Furthermore, in unionised industries such as aviation, problems resulting from emotional labour have led to industrial action; for example, the British Airways cabin crew strike in 2010. Qantas cannot possibly afford another round of strike action and more importantly the loss of business it causes.

Research has shown that employees and employers are more likely to collaborate when an organisation is facing a crisis; the commonplace adage “there is no such thing as a bad crisis”. Being in exactly this position, Qantas has the unique opportunity to engage with its staff and capitalise on their tacit knowledge and their unquestionable desire to make Qantas a profitable business. This can be done without losing customer focus.

However, it is pertinent that Qantas provides their employees with the appropriate avenues that will allow them to express their concerns and their ideas. Drawing on academic research, we argue that any performance-related incentives should be supplemented with more and better channels for employee voice; these incorporate formal and informal methods that allow employees to have a say in matters that affect them.

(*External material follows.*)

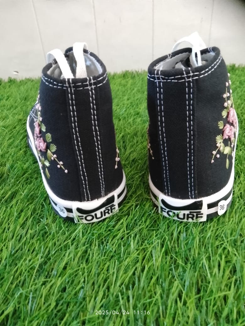 Fourf - Sepatu Olahraga Outdoor Wanita Sulam Hitam Sol Karet Terbaru Size 36
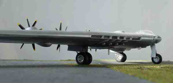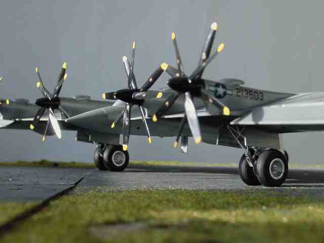 be an intercontinental bomber reaching Europe from the US. ![]() But not earlier than June 1946, this XB-35 Flying Wing bomber made the first flight. Four Pratt & Whitney R-4360 Wasp Major engines each drove a pair of four-bladed pushing props ("Y" type), the later version having the counterrotating props ("X" type). The XB-35 had directional problems and had a very small center of gravity range, big issues for a bomber. Its long propeller driveshafts gave tremendous cooling problems. A later variant with bigger fins and jet engines as the YB-49 flew later. The flying wing was however never put into production, the after war B-47 being preferred as a straight conventional bomber. The Flying wing model is from AMT / ERTL and is in 1/72 scale; the model was released mid nineties. It is an excellent model, the only difficulty being to finish it nicely in bare metal! You only need to add some tiny arials next to a large nose weight to prevent "tail sitting".

The importance of alternative channels for employee voice is increasingly pronounced in Australian businesses, especially given the continuing decline in union membership, the traditional avenue for collective voice.

Preliminary results of our research examining voice and engagement in a range of industries suggest direct forms of employee voice can facilitate productivity increases and lead to greater customer satisfaction.

Research has shown that commitment and productivity are increased when employees have input into business decisions, especially so in industries where staff are expected to expend discretionary effort in their everyday work, such as flight attendants.

A 2011 cross disciplinary study between UNSW, ANU, Macquarie University and Copenhagen Business School examined 78 Australian organisations from the services sector and used 18 performance measures to calculate the High Performing Workplace (HPW) Index.

The research also found that top-performing organisations ensure two-way direct communication with their staff by including them in strategy and planning, budgeting and target setting, which contributes to higher productivity.

It allow employees to add significant value to the business but more importantly, helps create a collaborative culture, a key characteristic of high-performance workplaces.

The new Gulf Stream alliance may well help Qantas increase its profits, but a new charm offensive may well help them move on from the IR turbulence of the past, and help create a more viable Qantas in the process.